Education Loan Consolidation, also called Students Loan Consolidation, is a term used for a combination of several student or parent loans into one bigger loan from a single money lender, which is then used to settle the balances for the other loans. Most of the federal loans, have consolidation facility available for them. Federal loans, including FFELP (Stafford, PLUS and SLS), FISL, Perkins, Health Professional Student Loans, NSL, HEAL, Guaranteed Student Financial loans and Direct lending options are all included in student consolidation loan options. Some lenders offer student loan consolidation services for personal loans as well. One is considered fit for consolidation if one is not currently in school or is enrolled at less than part-time status, one must already be in a process of repaying a prior loan which has no grace period, and one must have a good loan repayment reputation.
How It Functions
Consolidation loans are helpful as they reduce the size of monthly payments to the loans by extending the mortgage loan beyond the 10-year repayment plan which is the basic standard among government loans. The reduced monthly payment plans make it easier for the borrower of the loan to repay it, however, the extended period leads to an increase in the total amount of the loan to be paid. Loan repayment term can be extended from 12 to 30 years, depending upon the amount of the loan.
In some circumstances (for instance, due to minimum repayment, one or more loans are being paid in less than the time prescribed to them), a consolidation loan may decrease the monthly payment without extending the general loan term beyond 12 years. Precisely this means that a shorter-term loan is being extended over 12 years. Therefore, in case we make same monthly payments as before, the total amount of interest paid will increase, leading to the total amount of interest paid decreasing as a whole.
If a student consolidates his or her loans before they enter the repayment plan, the interest rate used will be lower than the in-school interest rate. Thus, if the totaling up of the average for the loan so borrowed potentially costs a student up to 0.12%, a student who chooses to consolidate the loan before entering the repayment plan can save as much as 0.6%, which is definitely a considerable net savings. Some graduate students are finding it necessary to consolidate their educational loans when trying to get a mortgage on the house.

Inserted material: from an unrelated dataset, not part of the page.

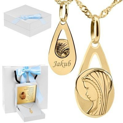 Złoty medalik z Matką Boską w kształcie łzy pr. 585 Pamiątka Chrzest Komunia Bierzmowanie Grawer różowa kokarda

Although consolidation simplifies the repayment of the loan so borrowed, it most certainly increases the interest rate and interest paid to a slight extent. Students or parents who have issues regarding the repayment of the loan should consider some different repayment terms provided for federal loans. For instance, income contingent payments are accommodated to compensate for a lower monthly income. The graduated repayment plan allows lower payment of the borrowed amount during the first 2 years after graduation. The extended repayment plan allows you to extend the term of the loan without consolidation. But, before opting these options, one must consider that, choosing one of these plans will increase the total amount of interest paid, however, the increase is less than what is incurred by consolidation.